|News from the Guam Committee|
Hafa Adai, Happy Holidays and Merry Christmas from Guam!
I love this time of the year, though a small part of me misses the snow! My son, who lives in San Antonio, recently sent me pictures of my grandchildren frolicking in the snow. Snow in San Antonio, wow!
With the New Year closing in I cannot help but reflect on what was accomplished in 2017 and look forward to new or continuing challenges as the New Year emerges. In that reflection I noted that in 2017 I passed the 25 year mark in my membership with the ACHE.
For me, in 2018, I look toward passing the leadership of the Guam LPC to someone else. I have applied for Lifetime FACHE status and look toward retirement. So, in the beginning of 2018, we will move toward transitioning. If you are interested in assuming a leadership role on Guam, start the “thinking” process now, and early next year we will start identifying nominees!
It is my experience that professional affiliation is paramount if you want to succeed. The friendships you make and the collegial discussions are (for me) the largest benefit of membership. Secondary to these personal relationships is staying abreast of the current successful methodologies to improve our healthcare system. The educational aspect of affiliation cannot be underestimated. As I read the many venues afforded by the ACHE, something would “click” and I get ideas of how to apply the educational concepts into the operations of my current employment. It also gives confidence in what you are attempting to do is the state of the art in our profession and that others, in offices and cubicles around the country, are also pursuing similar practices. So, from a personal aspect, it is self rewarding.

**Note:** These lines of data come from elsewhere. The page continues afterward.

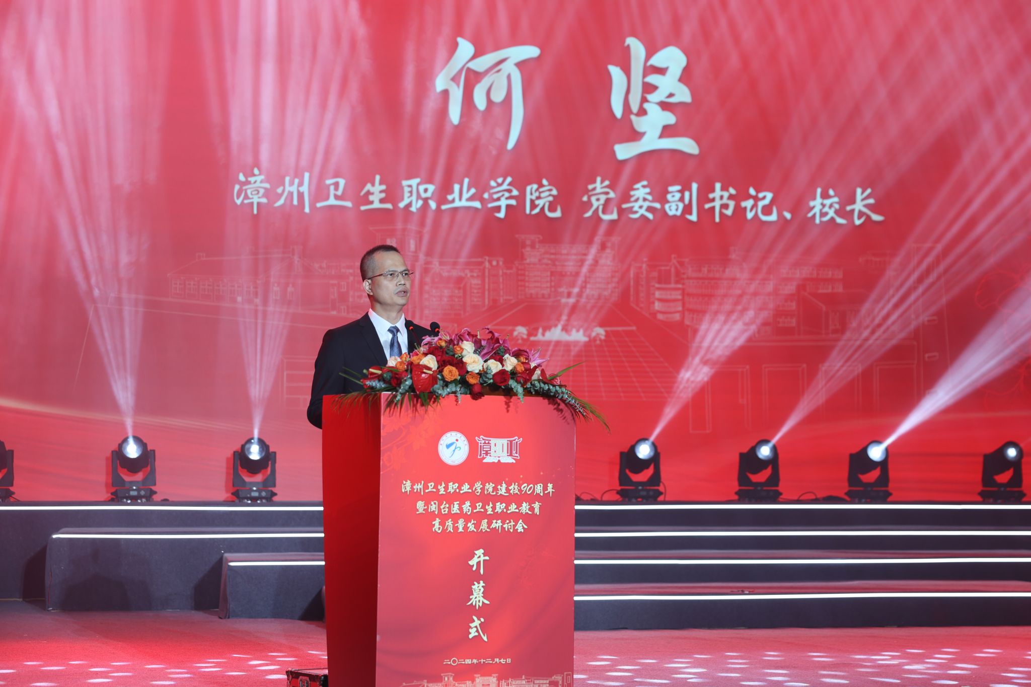 校长何坚在致辞中深情回顾了学校建校90周年暨高职办学20周年来砥砺奋进的光辉历程。他表示,学校90年的办学发展历史,是一部艰苦奋斗、自强不息的创业史。他指出,学校始终坚持“为党育人、为国育才”,强化党建引领,取得一批批标志性成果,累计培养各级各类医药卫生人才8万余名。学校抢抓机遇、攻坚克难,驶入了跨越发展的快车道,建校90周年暨高职办学20周年是学校承前启后、继往开来的重要里程碑,学校将继续秉承“厚德、励志、笃学、尚能”的校训精神,云程发轫,赓续前行,围绕升本的目标去谱写更加恢弘壮丽的百年华章。
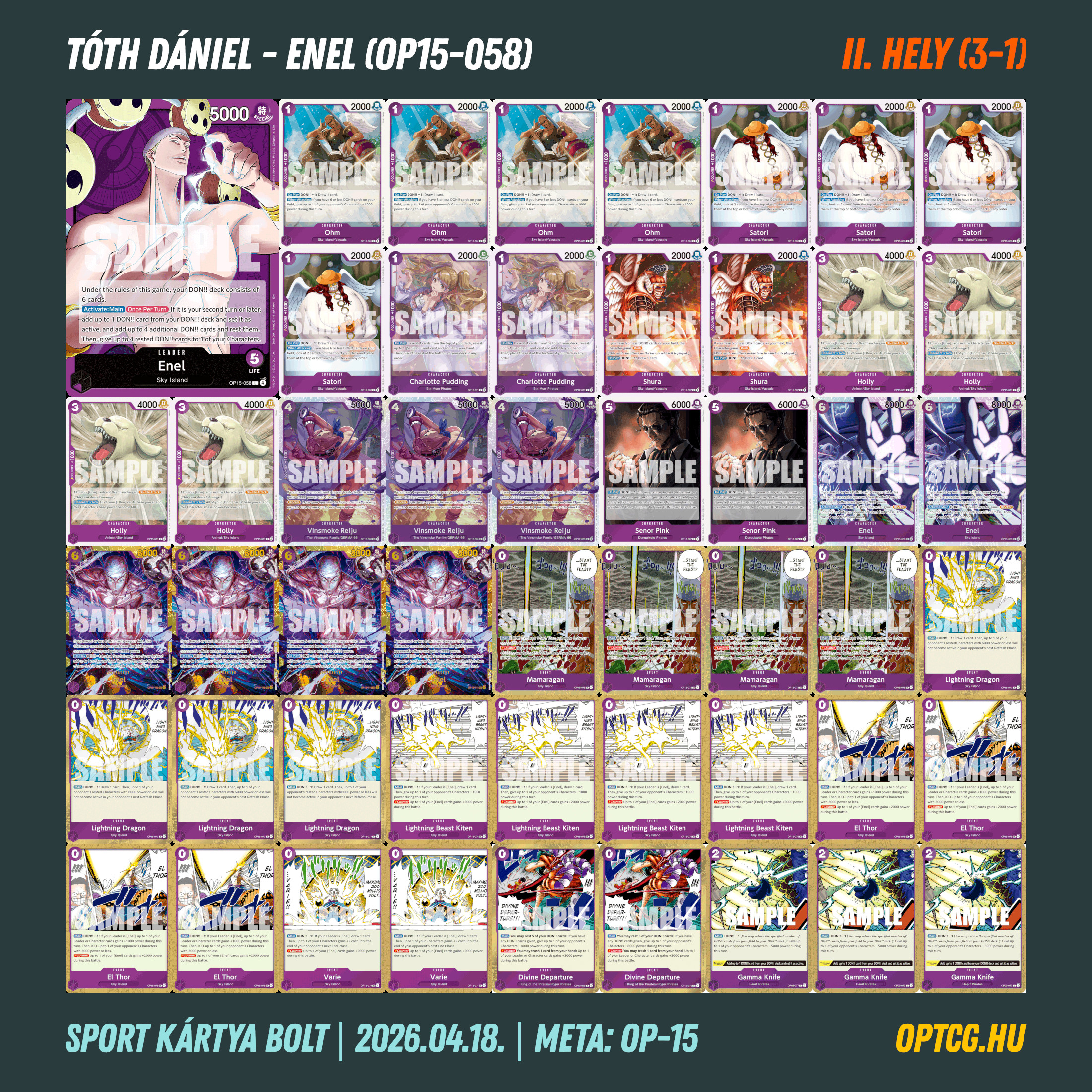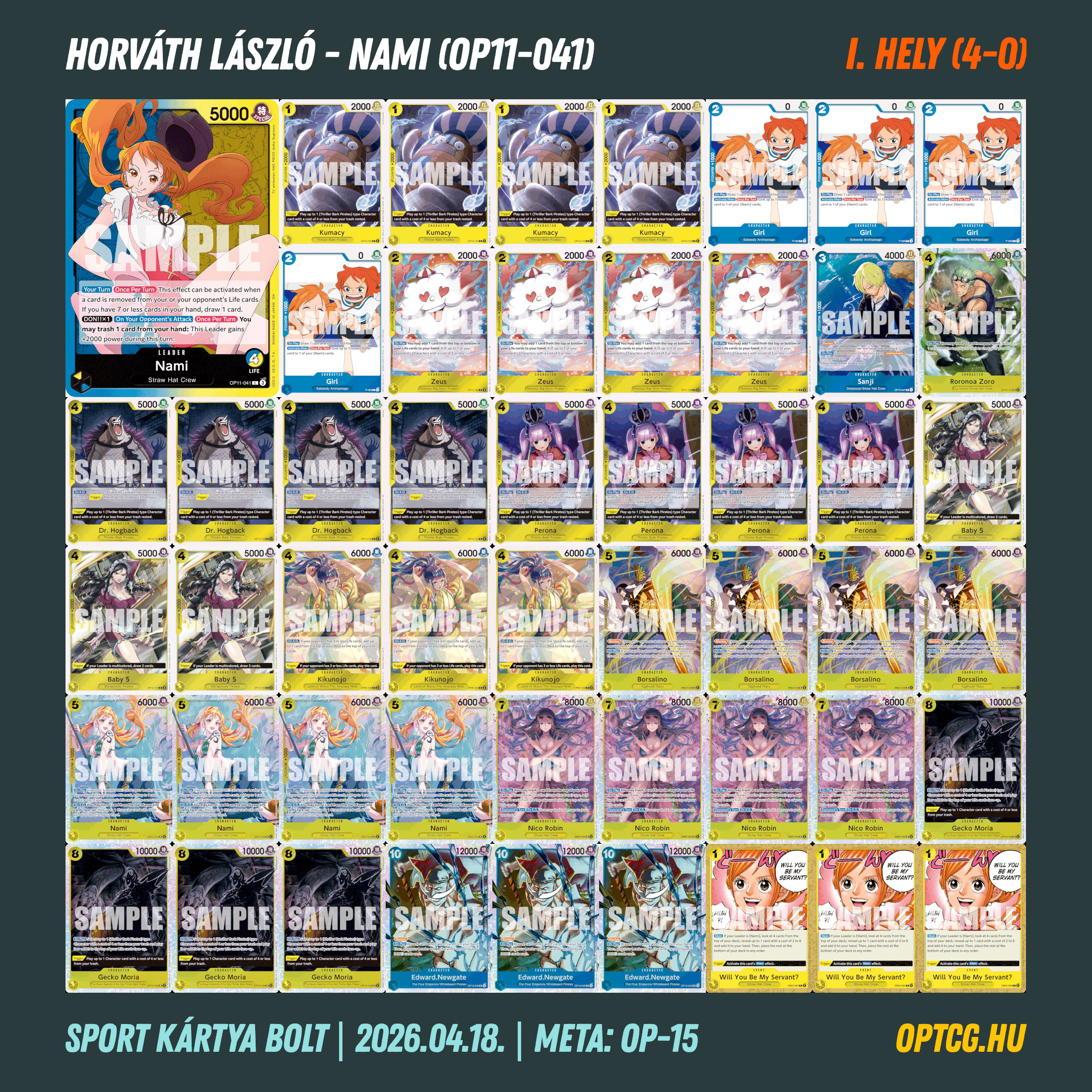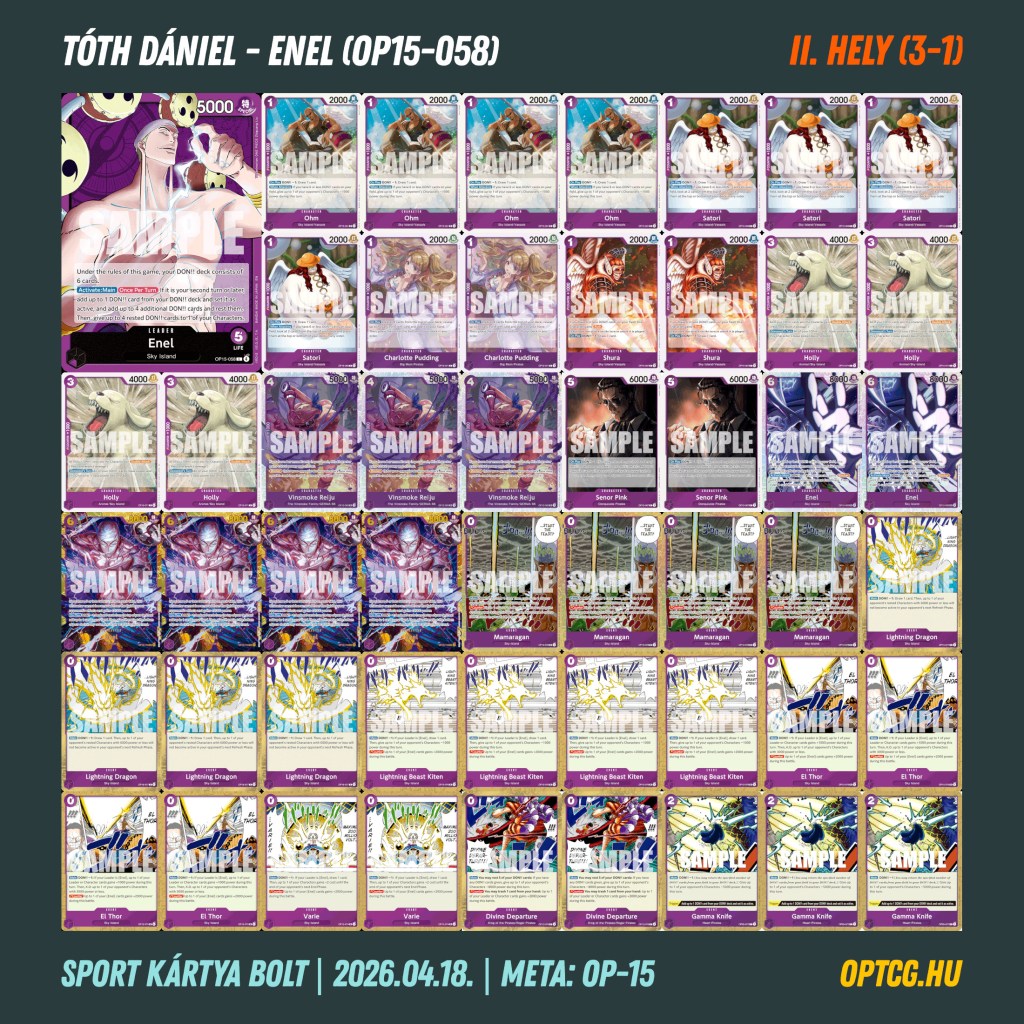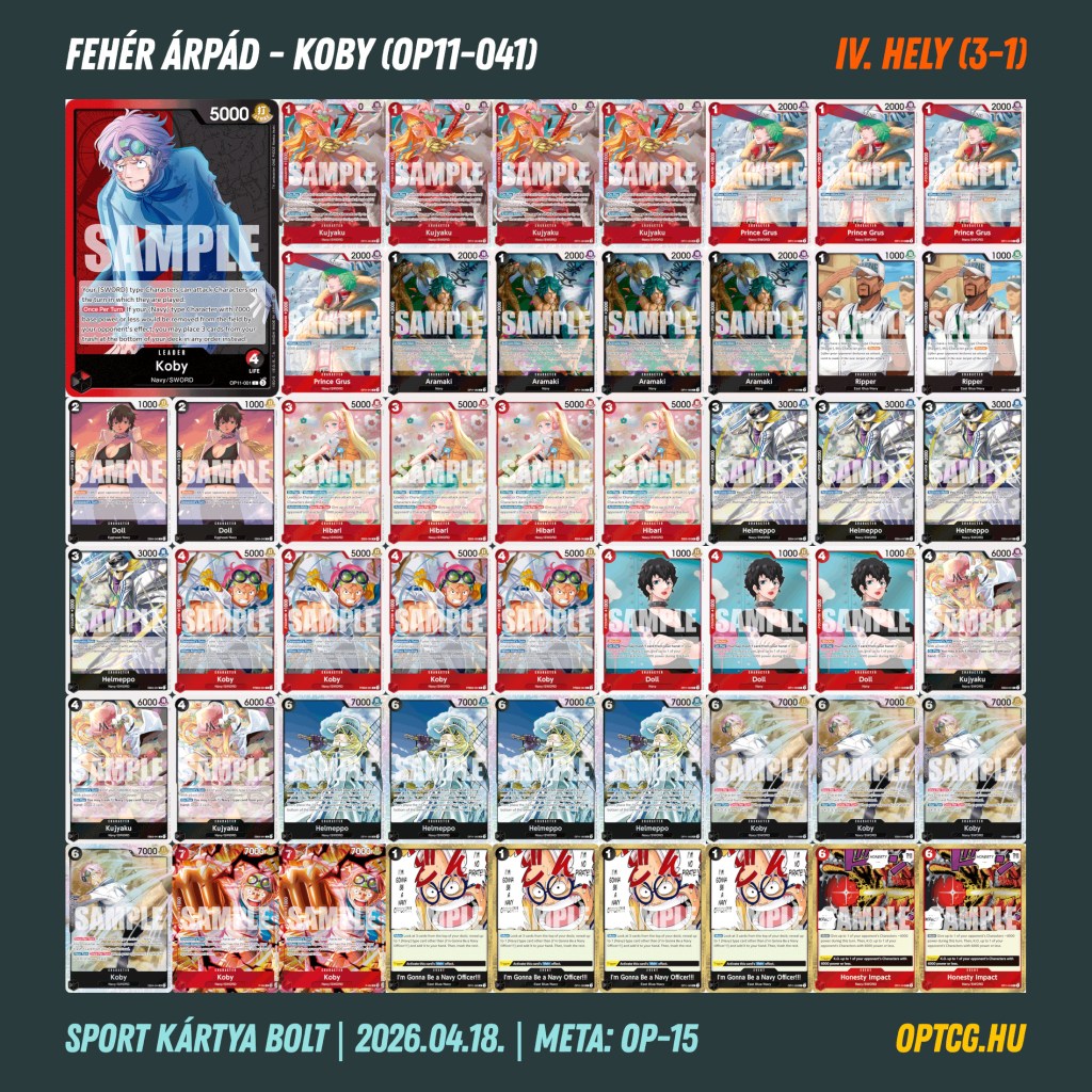 Április 18-án a veszprémi Sport Kártya Bolt is megtartotta első OP-15-ös formátumú One Piece-versenyét, melyen 14 játékos vett részt, köztük újak, veteránok és visszatérők egyaránt.
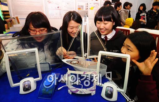 [아시아경제 윤동주 기자] 3일 서울 강남구 삼성동 코엑스에서 열린 '2009 대한민국 발명대전'을 찾은 관람객들이 한 음향업체에서 개발한 종이 스피커를 신기한 듯 바라보고 있다.
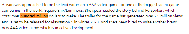 Согласно информации из профиля сценаристки Forspoken, бюджет игры превышает 100 миллионов долларов.
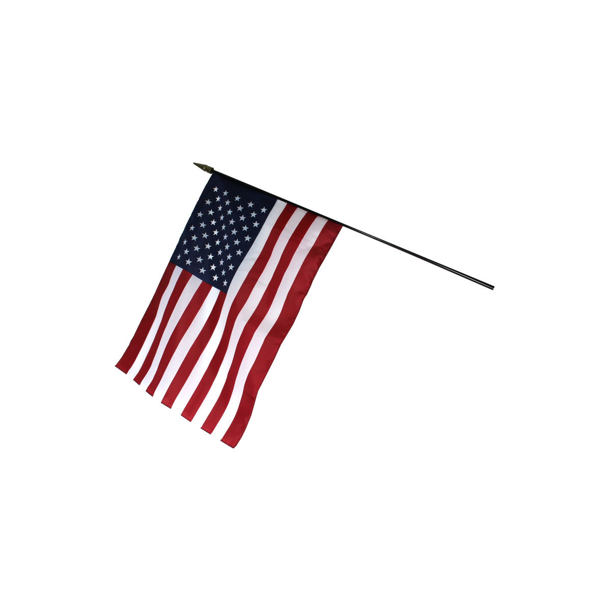Empire brand U.S. Flags are a quality line of indoor flags specifically designed to use in classroom settings. These flags are an indispensable part of any classroom. Dyed in brilliant colors on silky rayon material. All hems are stitched and securely stapled to ebonized staffs with gilded spearheads. Flag measures 16" x 24", staff measures 3/8" x 36".
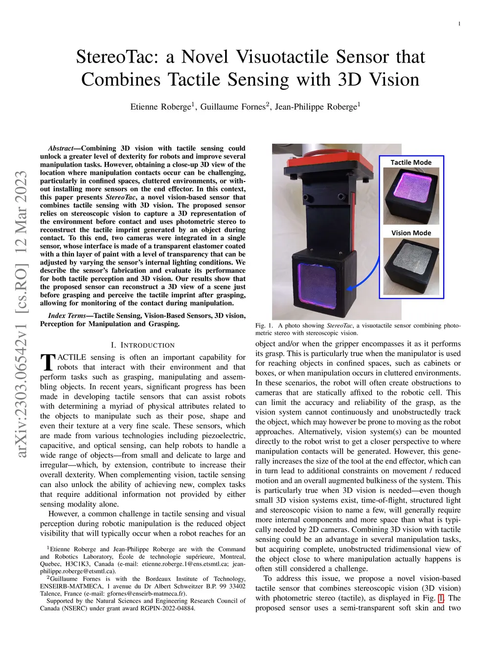 StereoTac: a Novel Visuotactile Sensor that Combines Tactile Sensing
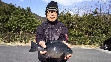 貴重なチヌの釣果を上げてチヌの部優勝の深田昌司さん
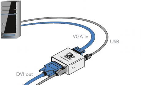 ADDER DVA is a high performance VGA to DVI-D video converter that transforms analog signals to digital. Placed in-line and USB powered.  It converts VGA signals, up to 1920 x 1200 @ 60Hz, into a DVI standard equivalent with EDID support
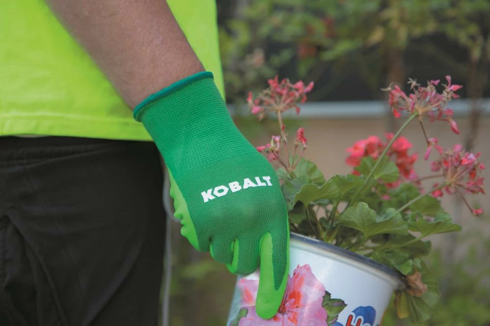 Protect your hands when gardening and doing other handyman projects around the house with this pair of Kobalt foam-dipped rayon (or viscose) made from bamboo fiber gloves. These comfortable, seamless knit gloves are made with a hi-viz green nitrile foam-dipped palm that provides excellent grip in both wet or dry conditions. The fabric is made from bamboo fiber that possesses natural anti-microbial properties that eliminates odor causing bacteria. The wrist closure is made with stretchable elastic to ensure a snug, comfortable fit that keeps out dirt, debris and other irritants during lengthy jobs. The entire glove is made from latex, making it allergen-free and wearable by those with sensitive skin.
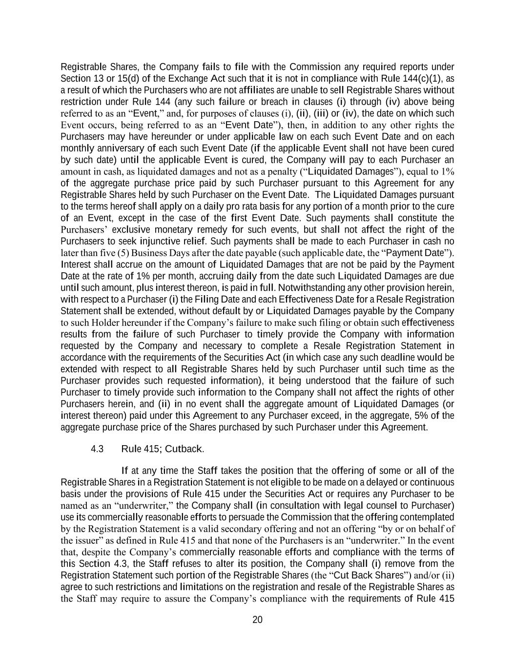 20 Registrable Shares, the Company fails to file with the Commission any required reports under Section 13 or 15(d) of the Exchange Act such that it is not in compliance with Rule 144(c)(1), as a result of which the Purchasers who are not affiliates are unable to sell Registrable Shares without restriction under Rule 144 (any such failure or breach in clauses (i) through (iv) above being referred to as an “Event,” and, for purposes of clauses (i), (ii), (iii) or (iv), the date on which such Event occurs, being referred to as an “Event Date”), then, in addition to any other rights the Purchasers may have hereunder or under applicable law on each such Event Date and on each monthly anniversary of each such Event Date (if the applicable Event shall not have been cured by such date) until the applicable Event is cured, the Company will pay to each Purchaser an amount in cash, as liquidated damages and not as a penalty (“Liquidated Damages”), equal to 1% of the aggregate purchase price paid by such Purchaser pursuant to this Agreement for any Registrable Shares held by such Purchaser on the Event Date. The Liquidated Damages pursuant to the terms hereof shall apply on a daily pro rata basis for any portion of a month prior to the cure of an Event, except in the case of the first Event Date. Such payments shall constitute the Purchasers’ exclusive monetary remedy for such events, but shall not affect the right of the Purchasers to seek injunctive relief. Such payments shall be made to each Purchaser in cash no later than five (5) Business Days after the date payable (such applicable date, the “Payment Date”). Interest shall accrue on the amount of Liquidated Damages that are not be paid by the Payment Date at the rate of 1% per month, accruing daily from the date such Liquidated Damages are due until such amount, plus interest thereon, is paid in full. Notwithstanding any other provision herein, with respect to a Purchaser (i) the Filing Date and each Effectiveness Date for a Resale Registration Statement shall be extended, without default by or Liquidated Damages payable by the Company to such Holder hereunder if the Company’s failure to make such filing or obtain such effectiveness results from the failure of such Purchaser to timely provide the Company with information requested by the Company and necessary to complete a Resale Registration Statement in accordance with the requirements of the Securities Act (in which case any such deadline would be extended with respect to all Registrable Shares held by such Purchaser until such time as the Purchaser provides such requested information), it being understood that the failure of such Purchaser to timely provide such information to the Company shall not affect the rights of other Purchasers herein, and (ii) in no event shall the aggregate amount of Liquidated Damages (or interest thereon) paid under this Agreement to any Purchaser exceed, in the aggregate, 5% of the aggregate purchase price of the Shares purchased by such Purchaser under this Agreement. 4.3 Rule 415; Cutback. If at any time the Staff takes the position that the offering of some or all of the Registrable Shares in a Registration Statement is not eligible to be made on a delayed or continuous basis under the provisions of Rule 415 under the Securities Act or requires any Purchaser to be named as an “underwriter,” the Company shall (in consultation with legal counsel to Purchaser) use its commercially reasonable efforts to persuade the Commission that the offering contemplated by the Registration Statement is a valid secondary offering and not an offering “by or on behalf of the issuer” as defined in Rule 415 and that none of the Purchasers is an “underwriter.” In the event that, despite the Company’s commercially reasonable efforts and compliance with the terms of this Section 4.3, the Staff refuses to alter its position, the Company shall (i) remove from the Registration Statement such portion of the Registrable Shares (the “Cut Back Shares”) and/or (ii) agree to such restrictions and limitations on the registration and resale of the Registrable Shares as the Staff may require to assure the Company’s compliance with the requirements of Rule 415
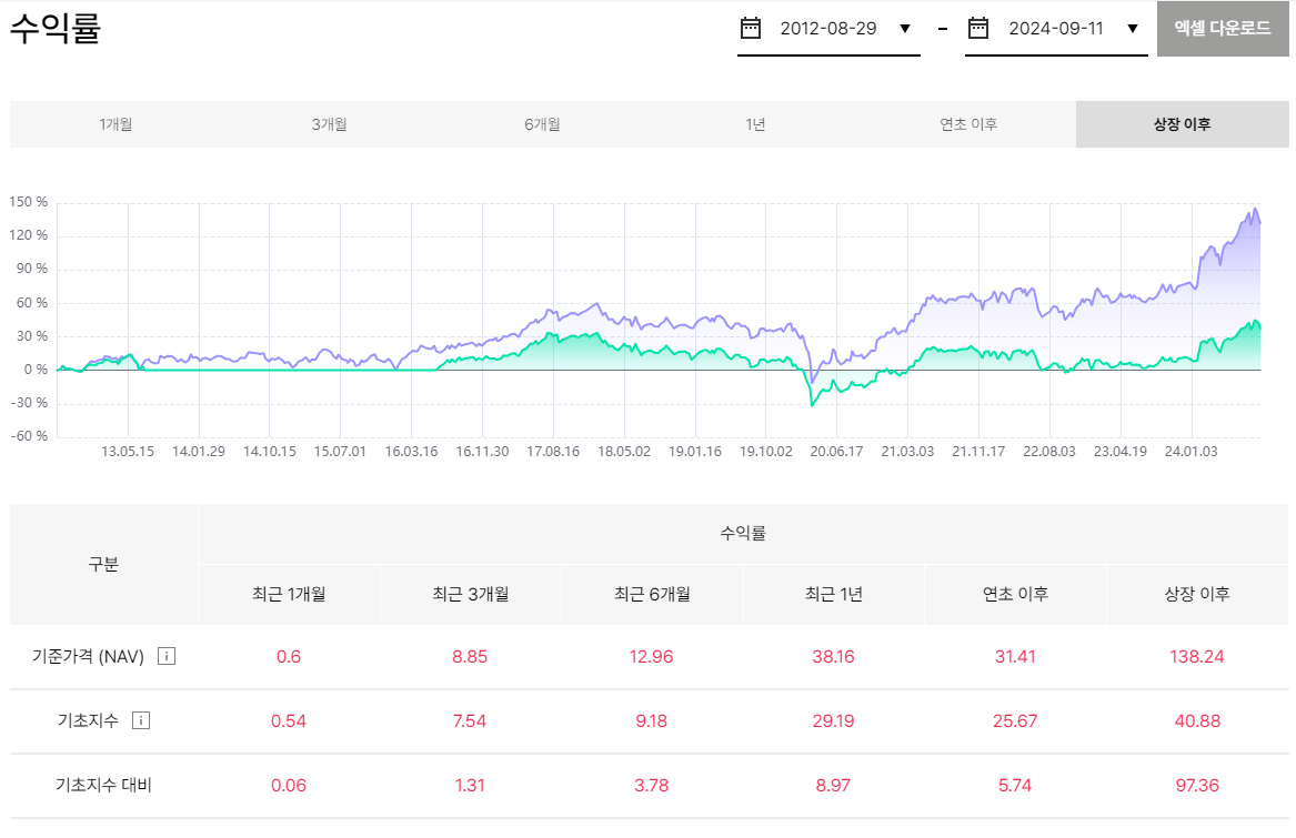이 상품은 2012년에 상장되어 10년이 넘게 운용되고 있다. 의외로(?) 상당히 오랫동안 유지되고 있는 ETF이다.

Now, you can be a member and enjoy the friendships and education, but if you really want to move forward and expand your profession you should consider an active role in the ACHE. In my early career I was a “quiet” member. I would go to conferences, read, and pretty much stay in the background. Later in my career, I took a more active role. Assuming a leadership role greatly expanded my scope and abilities. As I gained confidence in the profession I found that I could stand and interact with “the greats” in our profession. Next thing I knew, I was one of those “go to” people in my community and my advice and perspective were valued.
Practicing health care administration on a small Pacific island, seemingly far from mainstream has unique challenges. However, in many ways, it is similar to a practice in small town Texas or Illinois. The continuing link was membership in the ACHE.
Chuck and his beloved dog "Puppy" wish everyone a happy holiday from Guam.
In closing, as this may well be my last contribution to the newsletter, I want to wish all of you the best of success in your career. I am very thankful for this career and in hindsight would not have selected a different path. I hope you have the same and better experience that I enjoyed! God bless and the best of New Years to you.